# Under-seat subwoofers?



## .je (Feb 8, 2003)

I'm looking at adding a sub to my aftermarket deck that has line-level outputs. 
I already used a Bazooka tube (a little 50W) but I didn't like the way it sounded or the space it took up. It was loud enough, 75% of the time, then it sort of disappeared. 

I am thinking to mount one of those under-seat subwoofers like a Kenwood KSC-SW10, even a Pyle something-or-other (there are a few to choose from) or something like that since I don't play music very loud (often). Something 6.5", even 8". 

How are these things? Worth buying? 

OK here's my stupid idea for real: Ideally, I'd like to put this where the factory CD changer was, in the factory bracket. By measurements it will fit. Will this location work _against _the sound production?


----------



## .je (Feb 8, 2003)

My other choice could be to find an 6.5" or 8" sub, an amp (these are not cheap for the simple task I am looking at), and try to build a 0.25 cubic foot box to sit in the bracket. 

Ive seen the installs that fiberglass the trunk corner and don't want to do that. 

Which would produce better results?


----------



## Pat @ Pitt Soundworks (Nov 14, 2008)

If you actually CARE about the sound of your music, you'd never consider one of these things. 

Since you can't get the performance you want out of crappy sub-in-a-box type deals, have you considered actually upgrading your main speakers to better low-end producing ones? 

What kind of car is it?


----------



## .je (Feb 8, 2003)

At this time the stock speakers in this Jetta are more or less still OK - I might like better ones, will keep it in mind but right now I thought that would be more work and money than I was wanting to put out. 
Ive had the car 10 years since new the end of this month, and it's not the priority for me. I'm hoping for more bass. The unit is a not too wowing Clarion DXZ385, but it's good for me. 

Still, in that situation maybe making a box with a 6.5" speaker is better? but how much better really? 

In this situation I'm interested in your suggestion (if there's anything other than upgrade all the speakers).


----------



## zrau17 (Apr 21, 2010)

Powered subs....:thumbdown: 

Depends on the money you want to spend really, but you could get a decent amp and upgrade all four of your speakers and get better sound quality than your stock setup at a reasonable cost. 

HINT: Go to this website, find what you like..then go to this website and search for it. You will find it brand new at a much more reasonable cost. 
:beer:


----------



## Pat @ Pitt Soundworks (Nov 14, 2008)

The problem you're facing isn't an uncommon one. You're looking for an increase in low-end response. Bass output (basically) relies on three things: surface area, excursion, and power, 
The stock speakers are 6.5 and you have four of them. Considering how low they go, how much lower do you think adding one more 6.5 will go? What I was suggesting with replacing the stock speakers was to do some that are more oriented towards producing bass frequencies - ones that have more throw. 

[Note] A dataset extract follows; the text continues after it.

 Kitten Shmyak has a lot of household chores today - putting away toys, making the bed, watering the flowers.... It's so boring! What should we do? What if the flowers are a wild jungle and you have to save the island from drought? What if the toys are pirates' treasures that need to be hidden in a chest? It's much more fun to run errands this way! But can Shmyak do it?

They don't have to be anything expensive, either. If you can find some Ascendant Audio Poly's (second hand and less than $100) they'll probably go low enough for you. Otherwise, these are a good choice. 
http://www.madisound.com/catalog/product_info.php?products_id=823 

You can fit up to a 7" speaker behind the stock door panel and can fit 3 3/8" depth with the windows down. 

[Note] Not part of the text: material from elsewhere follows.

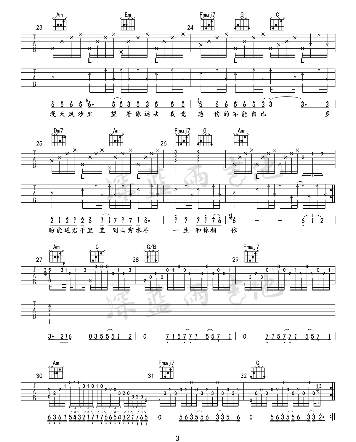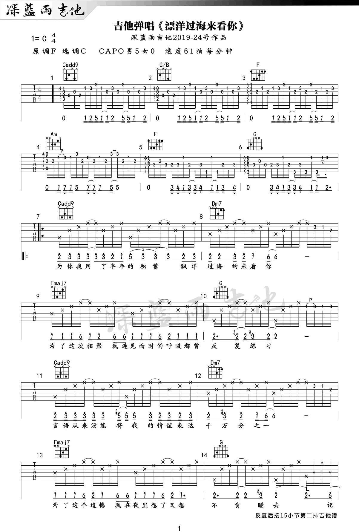 曲谱介绍: 吉他谱介绍:漂洋过海来看你吉他谱,李宗盛演唱的一首歌曲,4/4拍的节奏,这首歌曲的原调为F调,这里曲谱采用了C调指法进行编配,演唱时夹变调夹5品可回到原调,也可根据个人实际嗓音情况选择。曲谱由琴谱网更新上传,共3张高清图片弹唱吉他谱例,来源于@深蓝雨吉他编配出品。这是乐坛前辈李宗盛大哥的一首经典老歌,歌曲优美旋律、歌者亲身的体会和浓浓的情丝去演绎,注定让这首歌成为经典。 漂洋过海来看你吉他弹唱教学

Another option is something like this. I whipped this up for a friend in about three hours: 

















The response blends well with the front speakers. They don't get any louder than stock but extend the frequency response down lower without taking up trunk room. With better 8's they'd go lower, louder. 

Just amping the stock speakers won't do jack. 

And here's a pro-tip: Unplug the rear tweeters - but leave the rear woofers plugged in. You're bass response will increase  

And as for the speakers in the amp-rack, you want any kind of speaker in the cabin area - not the trunk. Keeping them in the trunk will reduce output.


----------



## harmankardon35 (Sep 16, 2009)

the infinity basslink sounds ok..but probaly wont fit under your seat, and is pretty pricey. Id put a smaller 10" box in the trunk, put a metal grille on the sub and call it a day. you will be much happier with the sound.


----------